→ PROVIDED DATA:
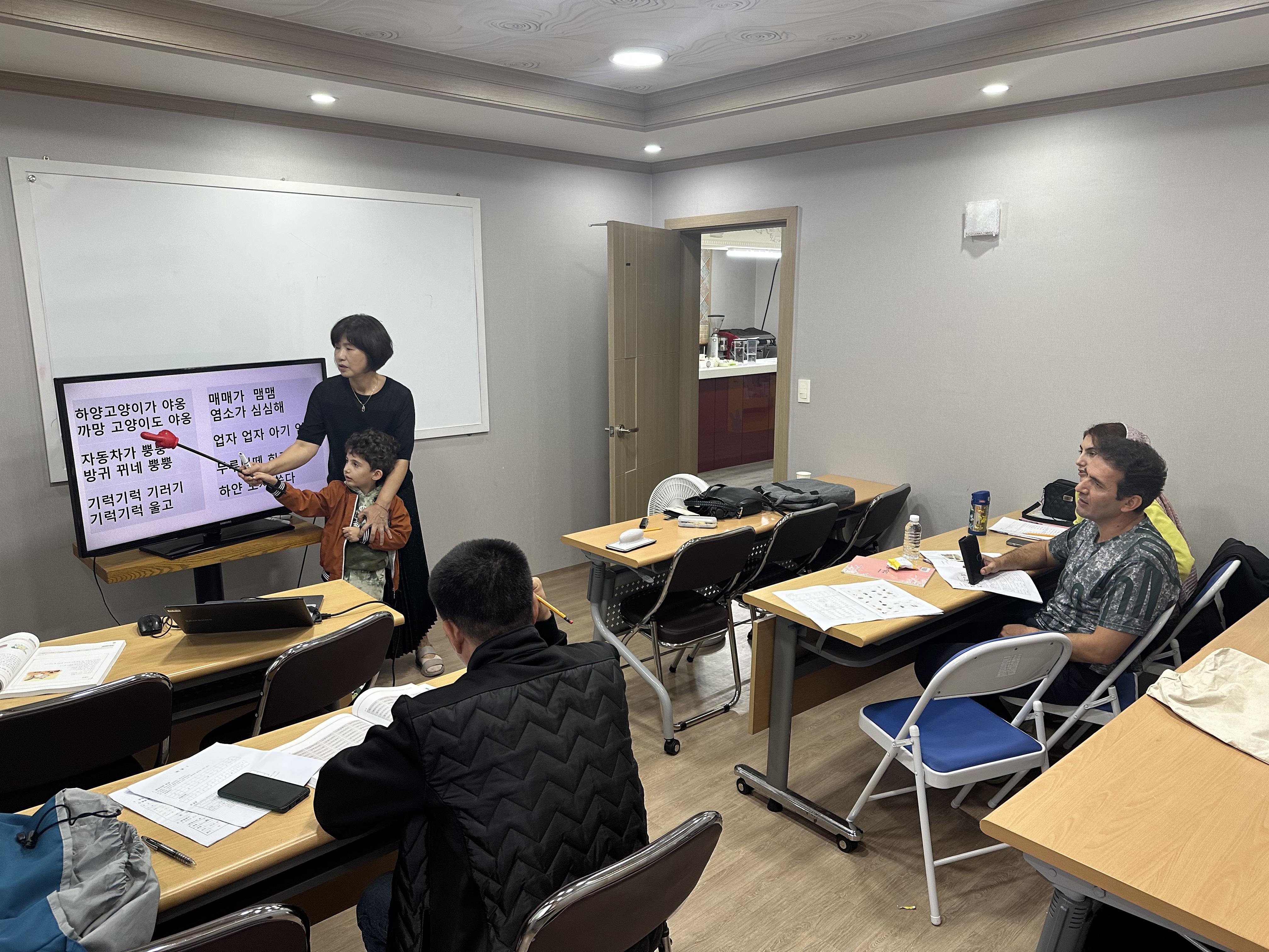 일하는 외국인근로자가 퇴근 후 한국어를 배울 수 있는 화요일저녁반 수업입니다.
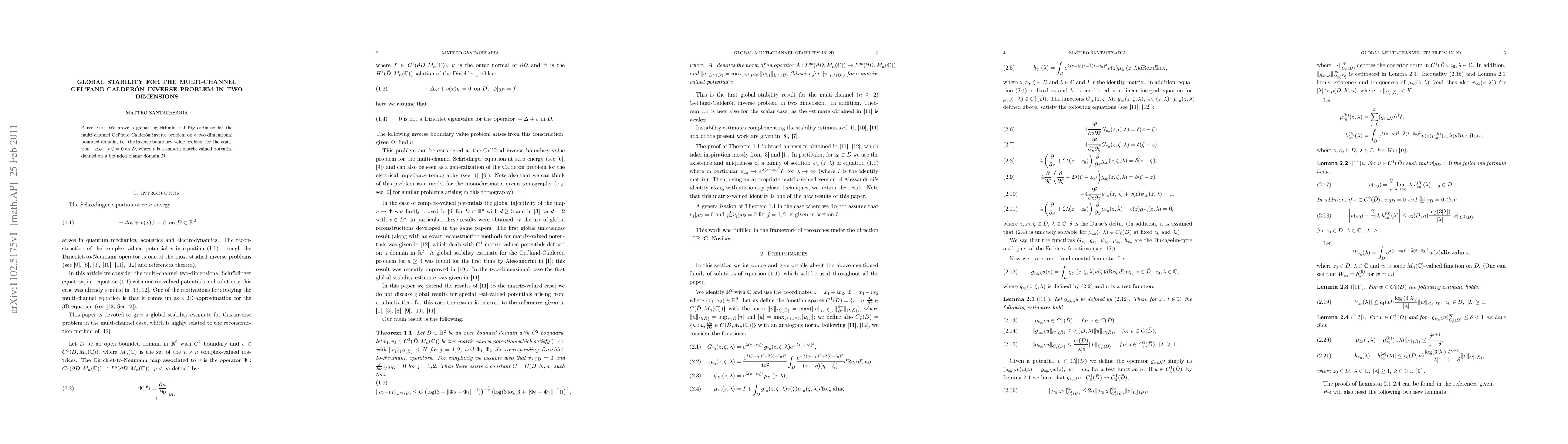 This paper establishes a global logarithmic stability estimate for the multi-channel Gel'fand-Calderón inverse problem in two dimensions, addressing the boundary value problem for the equation $-\Delta \psi + v\, \psi = 0$ within a bounded domain, where $v$ is a smooth matrix-valued potential.
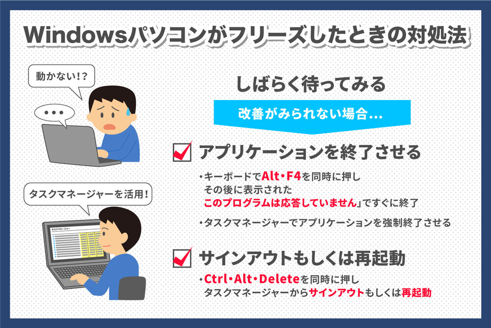 これらの対策を講じることで、PCフリーズの問題を解決できる可能性があります。問題の原因を特定し、適切な対処法を実施することで、快適なPC利用を取り戻すことができるでしょう。
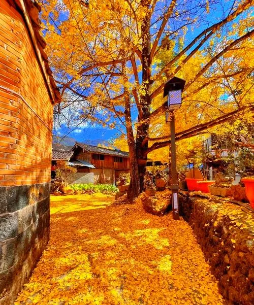 腾冲的秋天,外地人总觉得是看银杏的,但真正在腾冲待过的人知道,腾冲的好不只是银杏,是整个小城在秋天呈现出的那种慢节奏和舒适感,你在固东镇的银杏村走一圈,满地金黄的银杏叶,阳光透过树叶洒下来,整个村子像被镀了层金,这种感觉不是震撼,是一种"就该这样过日子"的踏实。

→ EXERCISE AIM:
Print the data word for word and omit the pictures.

→ TASK ANSWER:
 일하는 외국인근로자가 퇴근 후 한국어를 배울 수 있는 화요일저녁반 수업입니다.
 This paper establishes a global logarithmic stability estimate for the multi-channel Gel'fand-Calderón inverse problem in two dimensions, addressing the boundary value problem for the equation $-\Delta \psi + v\, \psi = 0$ within a bounded domain, where $v$ is a smooth matrix-valued potential.
 これらの対策を講じることで、PCフリーズの問題を解決できる可能性があります。問題の原因を特定し、適切な対処法を実施することで、快適なPC利用を取り戻すことができるでしょう。
 腾冲的秋天,外地人总觉得是看银杏的,但真正在腾冲待过的人知道,腾冲的好不只是银杏,是整个小城在秋天呈现出的那种慢节奏和舒适感,你在固东镇的银杏村走一圈,满地金黄的银杏叶,阳光透过树叶洒下来,整个村子像被镀了层金,这种感觉不是震撼,是一种"就该这样过日子"的踏实。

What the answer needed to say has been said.